JL: How did you and Dan come to meet and collaborate?
We met in Italy. He had come over with the Marta team. The Union Square Hospitality Group was moving into the Roman pizza space. They opened in the Martha Washington Hotel. They wanted to do Roman style pizza. They hired Dan to consult, and then they hired me to take them around and eat pizzas. Then we went all over Italy, and just really dug into the different styles like super classic Neapolitan style, the more iconoclast Neapolitan approach, and so many Roman things. That’s how we met and then we remained friends.
[Dan Richer joins our conversation]
JL: I’m talking about the Italian view of U.S. pizza. Are there any styles that would baffle Italians that are available in the U.S? Like do any Neapolitans or Romans view something like Chicago style pizza as an abomination?
KP: No, not necessarily because it’s very similar in its thickness and baking approach to Sicilian sfincione. I think the flavor and the digestibility factor is a shocker.
Dan Richer: And the sheer quantity of ingredients.
KP: Yeah, the number of things, the amount of things on top.
JL: American excess.

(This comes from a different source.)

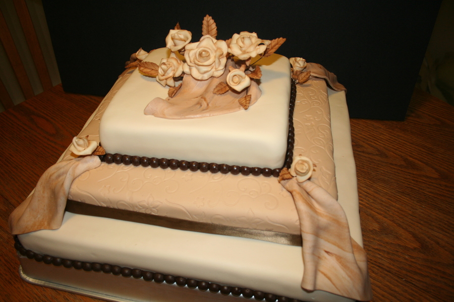 Square cake with fondant and gumpaste roses.
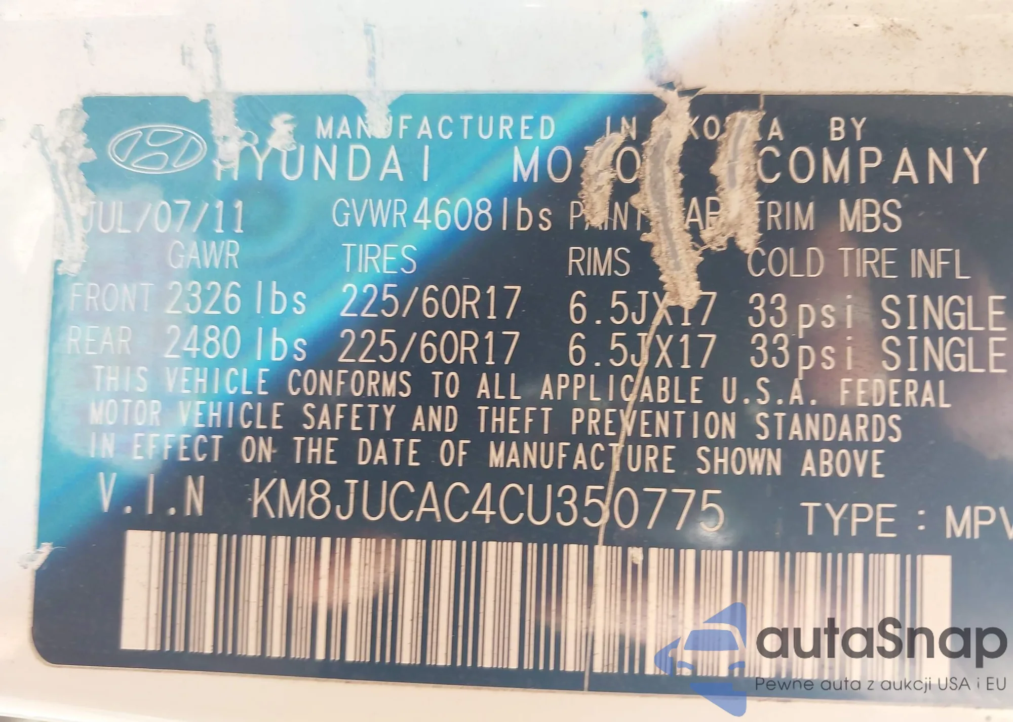 The car Hyundai Tucson 2012 (VIN KM8JUCAC4CU350775) has not been auctioned before. The documents are clean, and the mileage matches or is below the market average. Sold by an insurance company – we recommend purchase. Delivery to the port will take approx. 6–8 weeks.

It’s one of our specialties.
JL: Do you remember the first pizza that you ever remember eating in your life?
DR: Not my first pizza, but my most memorable childhood pizza was our family always went to this place in Aberdeen, New Jersey, called Pizza village. And it was New York style pizza. A couple of Italian gentlemen owned it. And I went there my entire childhood. Just a regular plain slice. So integral.
KP: Super up to date seating, right? Super up to date decor?
DR: Pictures of the Amalfi Coast and the Leaning Tower of Pisa.
JL: What about for you, Katie?
KP: Probably Aljohn’s in the strip mall near my childhood home. They probably had the same purveyors of cheese and sauce.
DR: Without a doubt.
KP: Just like New York style. Lots of sugar. And, you know, nostalgic. I love just the really gummy…
DR: …The gum line.
JL: The gum line?
DR: I like the gum line too. It’s such a defect in pizza. It’s a layer of under baked dough. Because either the fermentation wasn’t good, or the oven wasn’t hot enough. Or they put too much water in their tomato sauce. There’s a lot of reasons.
KP: For the edge by the crust.
DR: It’s like a layer in between the baked crust and the sauce. And it’s almost like a layer of pasta in the middle of it. Love the gumline.
KP: A-L-J-O-H-N’s. It’s a guy named Al and a guy named John. And neither of them owned it. They sold it to a Neapolitan family.
DR: I love it. Very creative name. The first restaurant I ever worked in, my first job as a human, I was 15 and I worked as a busboy in an Italian restaurant called Dusal’s. Two Sals. Sal and Sal.
KP: Yeah, that’s like a Neapolitan or Sicilian dialect for two.
JL: I was actually having lunch today with a friend from my hometown and he said he used to eat at your place in Maplewood. What was that one called?
DR: It’s called Arturo’s. I sold that about five years ago after 10 years.
JL: What was the first pizza you ever remember making, and how did it turn out? For both of you.